AYAKKABISINDA HİSSETMEK


Açıklama:
Kategori: Köşe Yazıları
Eklenme Tarihi: 11 Ağustos 2010
Geçerli Tarih: 28 Mart 2024, 21:15
Site: Haberci71.com - Kırıkkale Haberleri
URL: http://www.haberci71.com/yazar.asp?yaziID=3636


AYAKKABISINDA HİSSETMEK

            Yüce yaradan insanı yarattıktan sonra güzel sesin kıymetini bilsin, gülü sevmeyi, güzele âşık olmasını bilmeyi, iyiden zevk almayı öğrenmesi için bülbülü yaratmış ve insanoğlunun yanına göndermiş.

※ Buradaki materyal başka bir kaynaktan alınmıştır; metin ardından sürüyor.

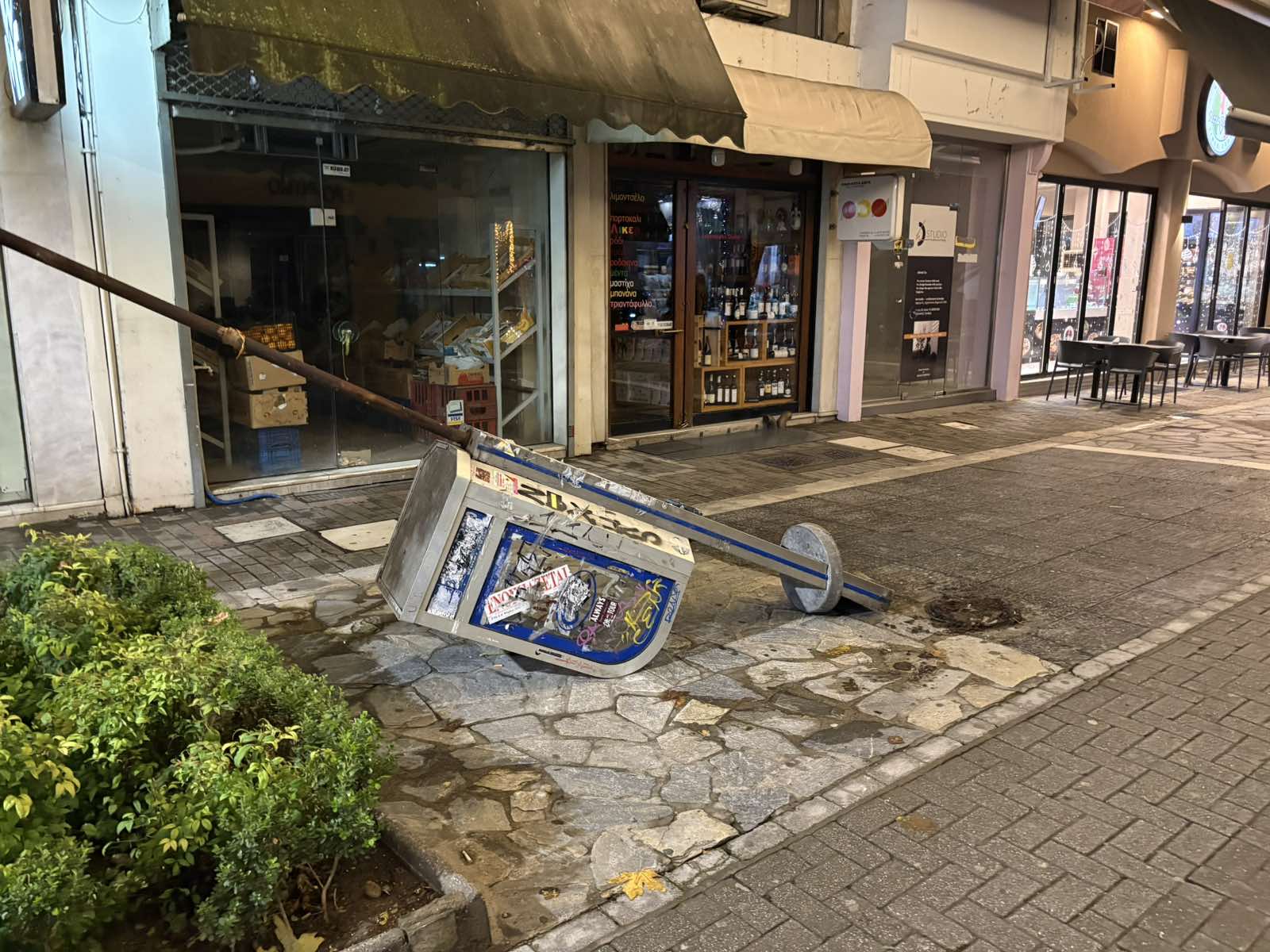 Λάρισα: Ξεριζώθηκε τηλεφωνικός θάλαμος στο κέντρο της πόλης μέσα στη νύχτα – Δείτε τις φωτογραφίες

            Bülbül olanca güzel sesi ile serenat yapmış. Yanık yanık sesinin tüm inceliklerini kullanmış ve insanoğluna sesini duyurmaya çalışmış. Aşkı çağrıştırmak güzeli görmesizi sağlama için. Ama ne fayda? İnsanın umurunda olmamış güzel ses ve haykırış.

            Rahman kargayı yaratmış ve göndermiş insanoğlunun yanına. Karga malum sesi ile bir iki feryat edince insanoğlu “ aman demi bu nasıl ses” ve o hissetmediği, duymadığı sesi arar olmuş.

            Yüce Allah kimseyi gördüğünden geri koymasın ve elindeki imkanları paylaşmayı nasip etsin.

            Ekranlarda Sinai Demirci adlı yazarı dinlerken insanım diyenin gözlerinin yaşarmaması mümkün değil.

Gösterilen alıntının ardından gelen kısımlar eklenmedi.